What to work on –
Output every record exactly, apart from its images.

Records contained in a dataset –

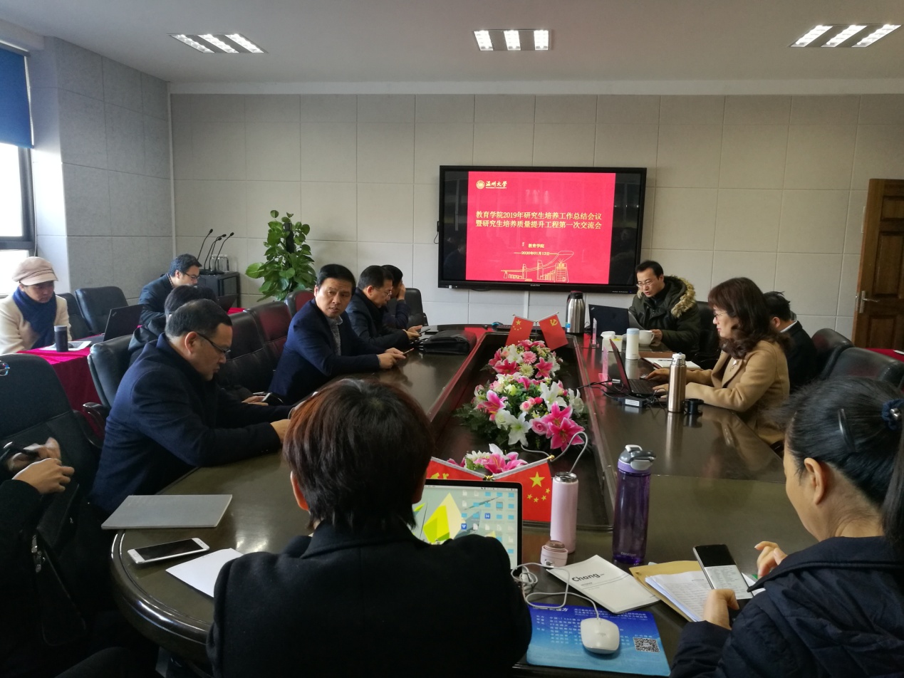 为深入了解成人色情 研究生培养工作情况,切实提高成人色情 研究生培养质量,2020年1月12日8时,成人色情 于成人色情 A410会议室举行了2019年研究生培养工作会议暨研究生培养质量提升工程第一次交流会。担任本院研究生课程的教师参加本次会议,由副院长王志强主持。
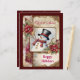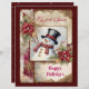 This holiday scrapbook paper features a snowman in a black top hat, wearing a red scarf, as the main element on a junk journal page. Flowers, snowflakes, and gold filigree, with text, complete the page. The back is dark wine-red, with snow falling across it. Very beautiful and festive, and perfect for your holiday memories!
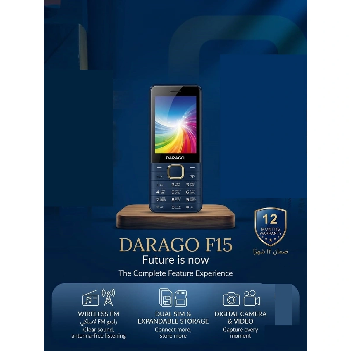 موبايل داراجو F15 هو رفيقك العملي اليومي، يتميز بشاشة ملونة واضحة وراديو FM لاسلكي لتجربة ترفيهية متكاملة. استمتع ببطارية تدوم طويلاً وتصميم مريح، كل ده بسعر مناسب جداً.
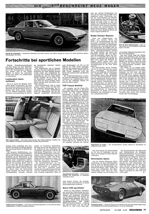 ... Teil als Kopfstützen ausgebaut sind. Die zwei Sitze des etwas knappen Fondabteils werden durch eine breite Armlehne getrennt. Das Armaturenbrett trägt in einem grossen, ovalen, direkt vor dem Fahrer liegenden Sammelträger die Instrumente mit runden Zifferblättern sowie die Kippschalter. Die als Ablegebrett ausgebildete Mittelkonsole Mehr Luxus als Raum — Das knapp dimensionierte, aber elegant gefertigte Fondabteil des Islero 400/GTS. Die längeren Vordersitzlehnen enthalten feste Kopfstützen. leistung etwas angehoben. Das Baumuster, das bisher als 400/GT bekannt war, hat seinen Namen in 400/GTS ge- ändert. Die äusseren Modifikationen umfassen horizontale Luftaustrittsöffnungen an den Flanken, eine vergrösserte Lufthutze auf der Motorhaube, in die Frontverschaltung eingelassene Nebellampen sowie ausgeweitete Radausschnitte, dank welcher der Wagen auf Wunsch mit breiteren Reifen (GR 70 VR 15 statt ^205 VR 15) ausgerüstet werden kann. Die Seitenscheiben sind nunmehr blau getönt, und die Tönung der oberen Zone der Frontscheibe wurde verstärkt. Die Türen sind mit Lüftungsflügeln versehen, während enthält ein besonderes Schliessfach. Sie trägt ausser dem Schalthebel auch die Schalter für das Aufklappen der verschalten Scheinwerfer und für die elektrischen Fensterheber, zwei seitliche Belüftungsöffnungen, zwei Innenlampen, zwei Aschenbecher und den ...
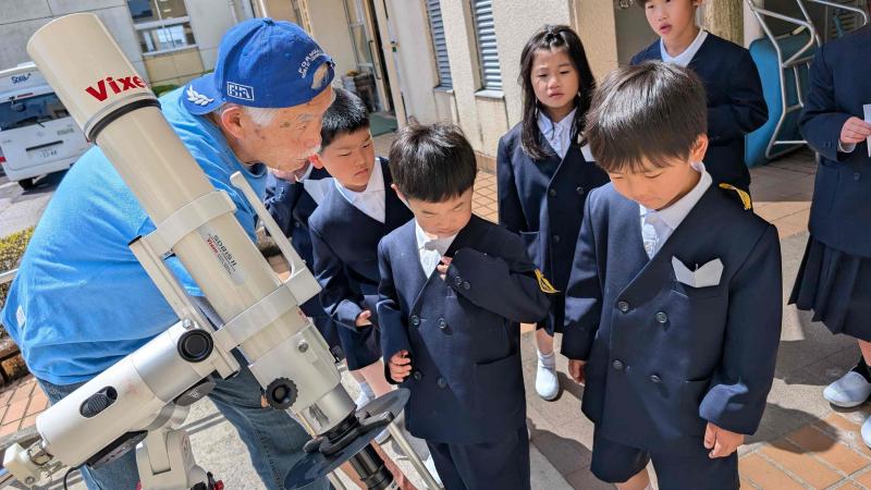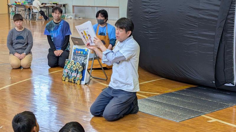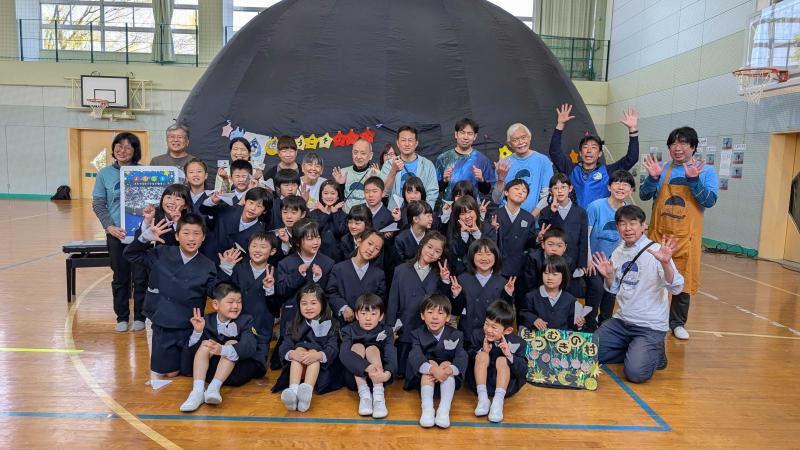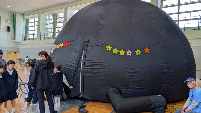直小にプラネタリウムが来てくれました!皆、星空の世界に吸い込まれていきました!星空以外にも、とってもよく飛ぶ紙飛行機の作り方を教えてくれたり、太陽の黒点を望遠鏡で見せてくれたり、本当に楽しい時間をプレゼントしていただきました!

Task answer –
 为深入了解成人色情 研究生培养工作情况,切实提高成人色情 研究生培养质量,2020年1月12日8时,成人色情 于成人色情 A410会议室举行了2019年研究生培养工作会议暨研究生培养质量提升工程第一次交流会。担任本院研究生课程的教师参加本次会议,由副院长王志强主持。
 This holiday scrapbook paper features a snowman in a black top hat, wearing a red scarf, as the main element on a junk journal page. Flowers, snowflakes, and gold filigree, with text, complete the page. The back is dark wine-red, with snow falling across it. Very beautiful and festive, and perfect for your holiday memories!
 موبايل داراجو F15 هو رفيقك العملي اليومي، يتميز بشاشة ملونة واضحة وراديو FM لاسلكي لتجربة ترفيهية متكاملة. استمتع ببطارية تدوم طويلاً وتصميم مريح، كل ده بسعر مناسب جداً.
 ... Teil als Kopfstützen ausgebaut sind. Die zwei Sitze des etwas knappen Fondabteils werden durch eine breite Armlehne getrennt. Das Armaturenbrett trägt in einem grossen, ovalen, direkt vor dem Fahrer liegenden Sammelträger die Instrumente mit runden Zifferblättern sowie die Kippschalter. Die als Ablegebrett ausgebildete Mittelkonsole Mehr Luxus als Raum — Das knapp dimensionierte, aber elegant gefertigte Fondabteil des Islero 400/GTS. Die längeren Vordersitzlehnen enthalten feste Kopfstützen. leistung etwas angehoben. Das Baumuster, das bisher als 400/GT bekannt war, hat seinen Namen in 400/GTS ge- ändert. Die äusseren Modifikationen umfassen horizontale Luftaustrittsöffnungen an den Flanken, eine vergrösserte Lufthutze auf der Motorhaube, in die Frontverschaltung eingelassene Nebellampen sowie ausgeweitete Radausschnitte, dank welcher der Wagen auf Wunsch mit breiteren Reifen (GR 70 VR 15 statt ^205 VR 15) ausgerüstet werden kann. Die Seitenscheiben sind nunmehr blau getönt, und die Tönung der oberen Zone der Frontscheibe wurde verstärkt. Die Türen sind mit Lüftungsflügeln versehen, während enthält ein besonderes Schliessfach. Sie trägt ausser dem Schalthebel auch die Schalter für das Aufklappen der verschalten Scheinwerfer und für die elektrischen Fensterheber, zwei seitliche Belüftungsöffnungen, zwei Innenlampen, zwei Aschenbecher und den ...
直小にプラネタリウムが来てくれました!皆、星空の世界に吸い込まれていきました!星空以外にも、とってもよく飛ぶ紙飛行機の作り方を教えてくれたり、太陽の黒点を望遠鏡で見せてくれたり、本当に楽しい時間をプレゼントしていただきました!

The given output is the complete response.